**Record excerpts**
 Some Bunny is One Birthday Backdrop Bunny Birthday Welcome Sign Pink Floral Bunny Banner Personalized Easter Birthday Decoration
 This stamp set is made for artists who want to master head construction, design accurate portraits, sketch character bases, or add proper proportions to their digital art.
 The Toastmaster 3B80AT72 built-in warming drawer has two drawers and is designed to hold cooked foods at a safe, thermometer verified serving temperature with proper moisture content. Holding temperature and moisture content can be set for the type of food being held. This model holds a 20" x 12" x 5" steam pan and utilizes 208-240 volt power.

--

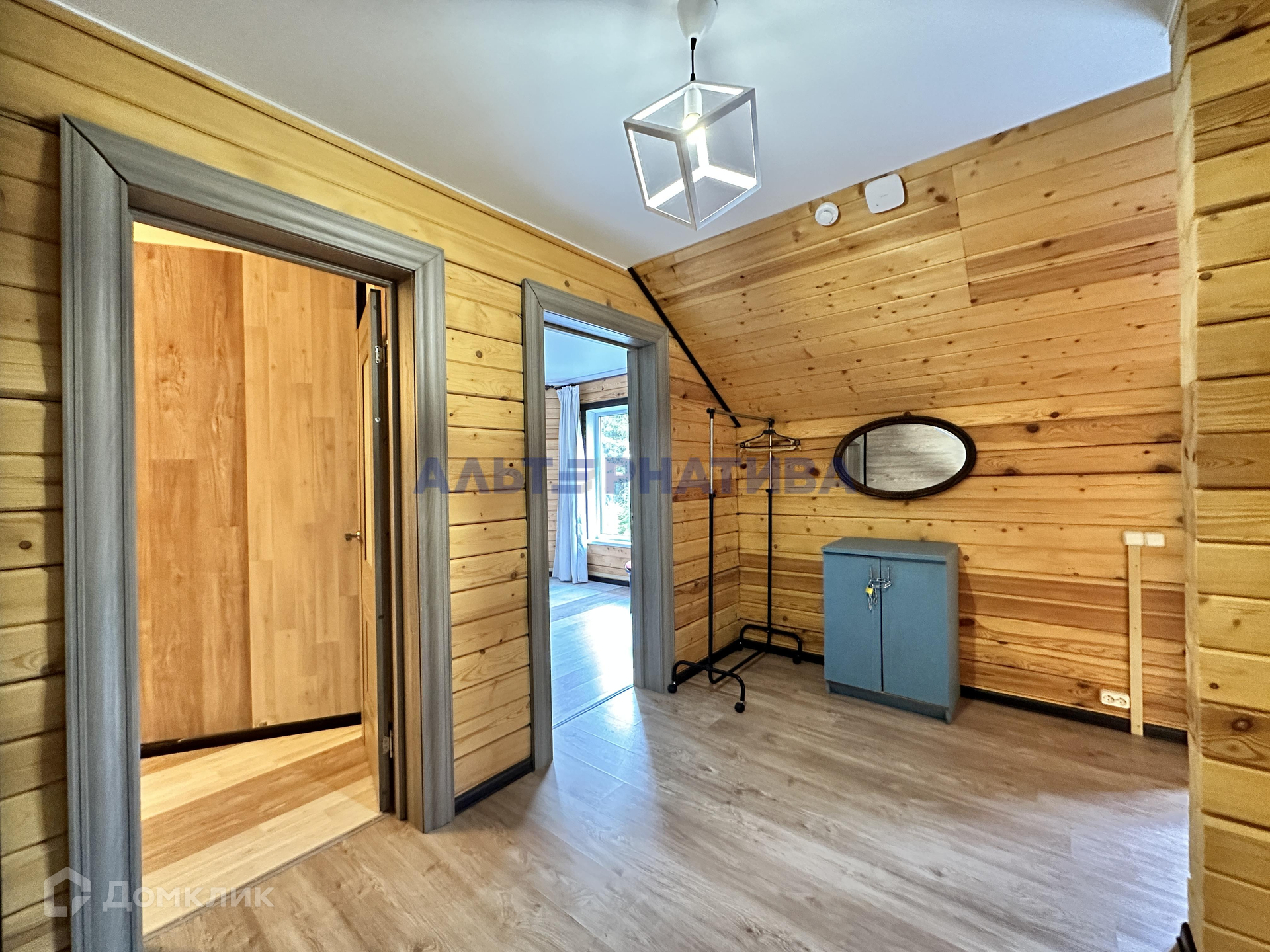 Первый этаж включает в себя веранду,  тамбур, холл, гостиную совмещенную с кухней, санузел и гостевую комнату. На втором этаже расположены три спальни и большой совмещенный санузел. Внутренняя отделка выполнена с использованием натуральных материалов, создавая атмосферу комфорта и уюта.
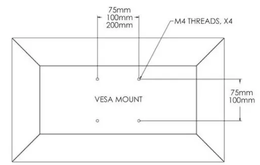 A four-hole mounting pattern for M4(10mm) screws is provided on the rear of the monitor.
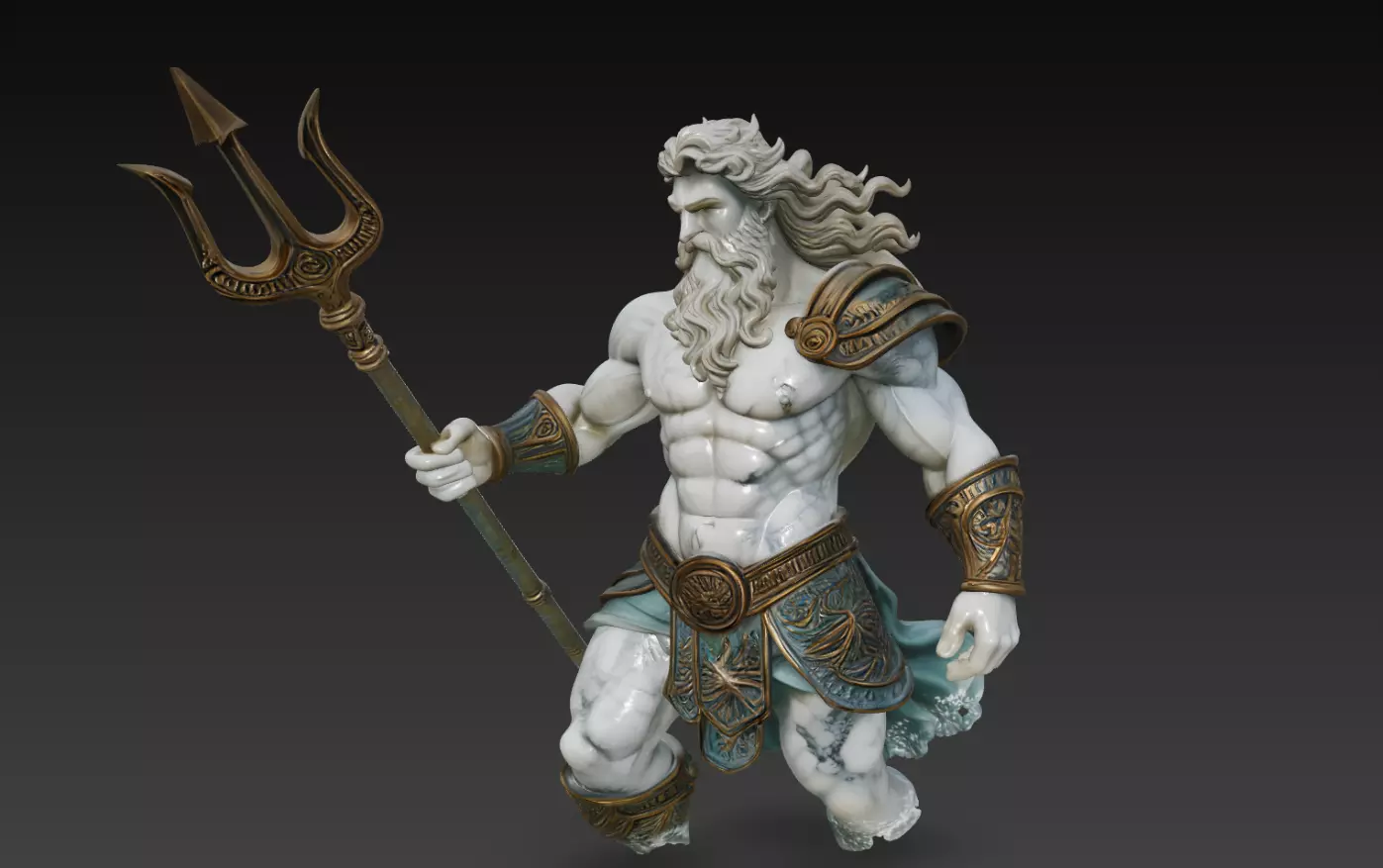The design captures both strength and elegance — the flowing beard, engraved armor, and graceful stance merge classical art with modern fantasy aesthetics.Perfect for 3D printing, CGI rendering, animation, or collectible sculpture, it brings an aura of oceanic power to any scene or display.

**Work request**
In the listing above, find the line containing "A four-hole mounting" and the line containing "The design captures", then output those two lines and everything between them exactly as written, without the images.

**Answer for the task**
 A four-hole mounting pattern for M4(10mm) screws is provided on the rear of the monitor.
The design captures both strength and elegance — the flowing beard, engraved armor, and graceful stance merge classical art with modern fantasy aesthetics.Perfect for 3D printing, CGI rendering, animation, or collectible sculpture, it brings an aura of oceanic power to any scene or display.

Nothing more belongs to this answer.